GenAI / AI Governance

The Delegation Problem: Why AI Made Intent the New Bottleneck

1 Jan 2026·9 min

Every engineering leader I talk to has the same experience: AI coding assistants made their developers faster. The pull requests come in quicker. The code volume is up. The velocity charts look great.

And yet.

Review times are increasing. Defect rates are climbing. Code complexity is rising while refactoring drops to historic lows. The team is producing more and understanding less.

Welcome to the delegation problem.

What actually got cheaper

AI coding assistants made one thing dramatically cheaper: translating intent into code. If you know exactly what you want, a well-prompted AI will produce it faster than any human.

But "knowing exactly what you want" was never the bottleneck. The bottleneck was always intent itself — the clarity of requirements, the precision of specifications, the shared understanding of what "done" means in context.

AI didn't remove the bottleneck. It moved it upstream.

Insight

When production gets cheap, the constraints shift to intent, validation, and accountability. These are organisational design problems, not tooling problems.

The four rungs of the delegation ladder

Not all work can be delegated to AI equally. The level of specification rigour required depends on four variables: risk, novelty, team maturity, and codebase condition.

Rung 1: Full autonomy. Low risk, familiar domain, mature team, clean codebase.

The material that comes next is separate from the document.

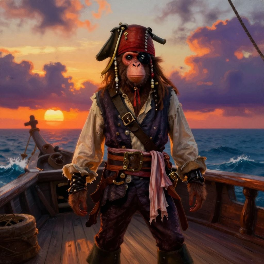 Digital artwork of a pirate with monkey face, wearing a red hat, eye patch, and tattered clothes, standing on a wooden ship deck at sunset

AI generates, human reviews briefly. Examples: boilerplate, test stubs, documentation, well-understood CRUD operations.

Rung 2: Guided generation. Medium risk, partially novel. AI generates from a detailed specification. Human reviews thoroughly, validates edge cases. Examples: feature implementations with clear acceptance criteria.

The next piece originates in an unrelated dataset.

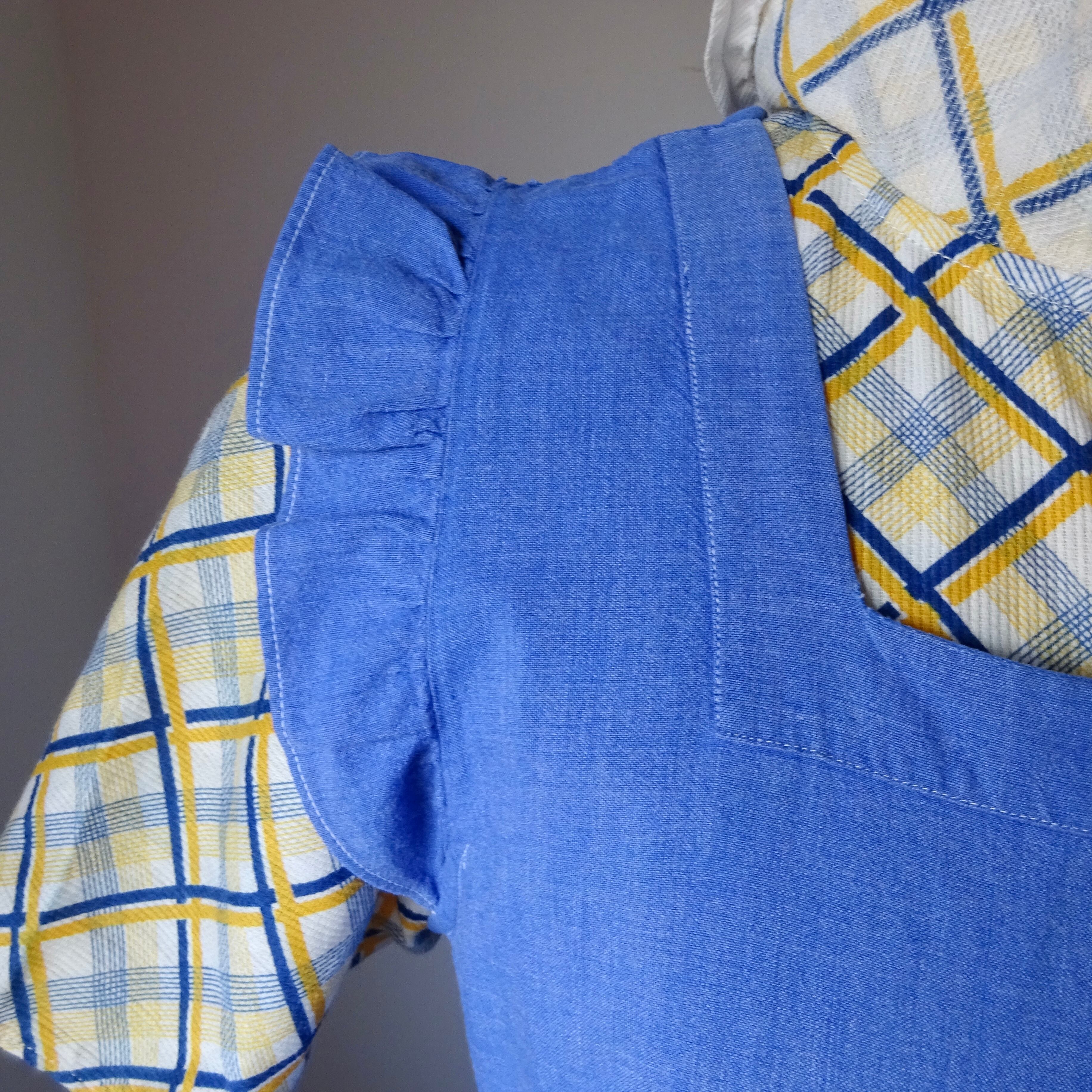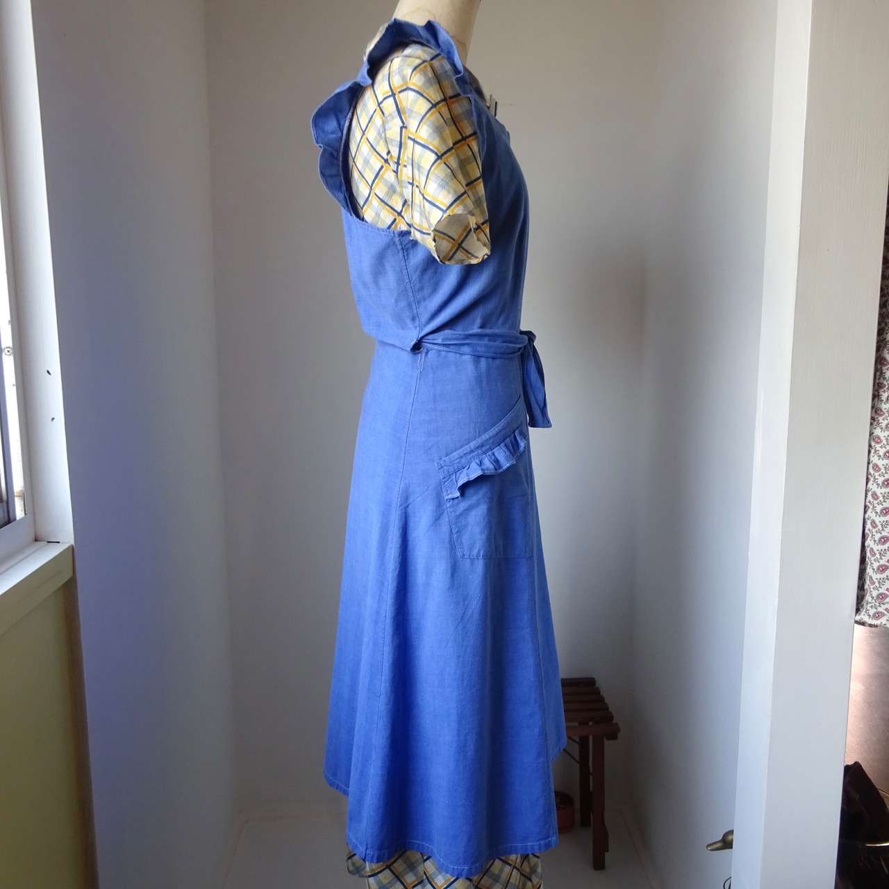エプロンにしては凝ったパターンで、まるでワンピースを着ているような一着。

Rung 3: Collaborative drafting. High risk or significant novelty. Human and AI work iteratively. Human provides intent and constraints at each step. AI generates options. Human validates and steers. Examples: architectural changes, performance-critical code, security boundaries.

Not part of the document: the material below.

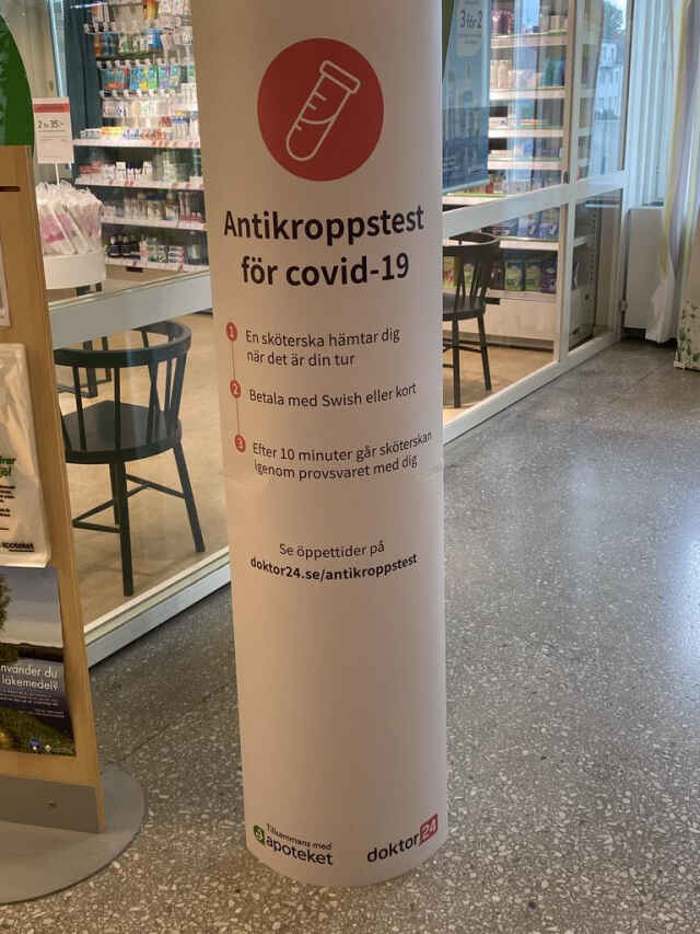 Sedan tre veckor tillbaka erbjuder Apoteket Tärnan i Köping antikroppstestning.

Rung 4: Human-only. Novel domain, no existing patterns, safety-critical, regulatory. AI assists with research and exploration but does not generate production code. Examples: cryptographic implementations, compliance-critical business logic, novel algorithms.

The mistake most organisations make is treating all work as Rung 1. Everything gets the same level of AI delegation. The result: fast production of code that nobody fully understands, with review becoming the new bottleneck because reviewers can't keep pace with generation.

The governance gap

Here's the uncomfortable truth: most organisations adopted AI tools without redesigning governance.

They didn't change code review processes to account for higher volume and lower author comprehension. They didn't adjust their specification practices to provide the intent clarity that AI delegation requires. They didn't redefine accountability for code that was generated rather than written.

The result is a governance gap — the space between how fast code is produced and how well the organisation can validate what was produced. This gap grows wider with every efficiency improvement that doesn't come with a corresponding governance improvement.

Five governance layers

Closing the governance gap requires five layers, each addressing a different aspect of the delegation problem:

Context layer. What is this change for? What problem does it solve? What constraints apply? Without context, AI generates syntactically correct code that is semantically wrong.
Specification layer. What exactly should the code do? What are the boundaries, edge cases, and acceptance criteria? The more you delegate to AI, the more precise your specifications must be. This is counterintuitive — people expect AI to reduce specification effort, but it actually increases it.
Proof layer. How do we know the code does what the specification says? Tests, characterisation tests, property-based tests, contract tests. The proof packet travels with the code.
Review layer. Who validates that the proof matches the intent? Review in an AI-augmented world is not line-by-line code reading. It's intent validation: does this implementation match what we actually wanted?
Monitoring layer. How do we know the code continues to behave correctly in production? Observability, canary deployments, feature flags, rollback capability.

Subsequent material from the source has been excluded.